Meta's Brain2Qwerty v2 reads text from brain activity without surgery

Meta announced Brain2Qwerty v2, its latest effort to translate noisy brain activity into coherent text without invasive surgery. Building on v1 (published in Nature Neuroscience and released February 2025), v2 moves from decoding characters one at a time to reading at the word and sentence level, using non-invasive magnetoencephalography (MEG) instead of surgically implanted electrodes.

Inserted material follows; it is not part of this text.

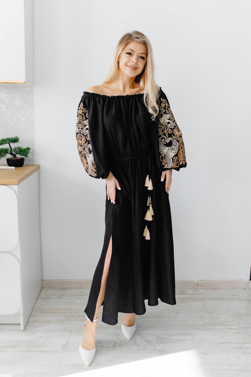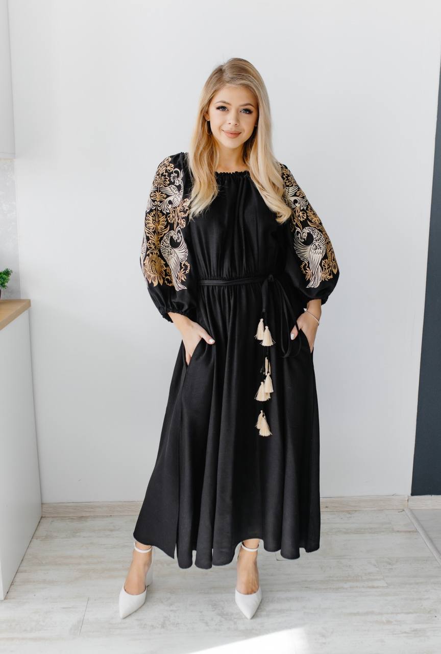 Жіноча сукня Жар-Птиця (чорна) виконана на льоні. Елементом вишивки є птах Щастя, який несе радість та вдачу. Тип вишивки гладдю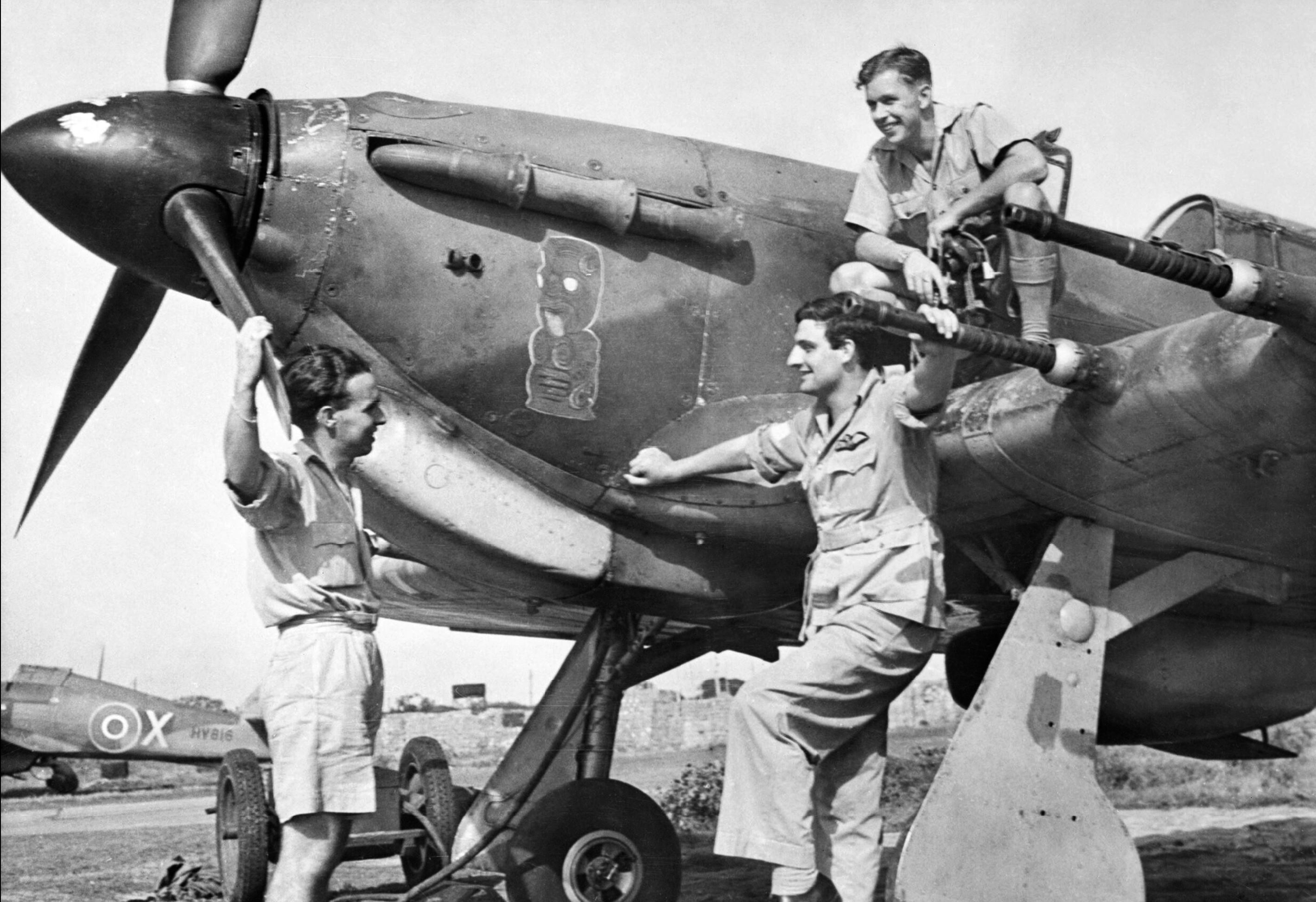 Hurricane IIc Trop RAF 224Sqn foreground X HV816 India 1942-43-IWM CI278

The model was trained on roughly 22,000 text data points from nine volunteers, each typing for 10 hours while their brain's magnetic field was measured. Brain2Qwerty v2 achieves a 69% character-recognition success rate and up to 78% word-recognition accuracy — with the best-performing subjects recognizing more than half of an entire text with one word or less of error, approaching the accuracy of invasive methods.
The goal is to help people with paralyzing neurological conditions communicate via thought, bypassing risky neuroprosthetic implants. Meta open-sourced the code for both v2 and its predecessor to accelerate neuroscience research, a notable move given Meta's recent debates over open-source strategy.
Caveats are significant: MEG scanners are large, expensive, non-portable machines, so this is a research advance rather than a consumer product. Accuracy also varies substantially across subjects and requires extensive per-user training data. Still, closing the gap with invasive electrodes using a non-surgical method is a meaningful milestone, and the open-sourcing invites independent replication and extension by the broader neuroscience community.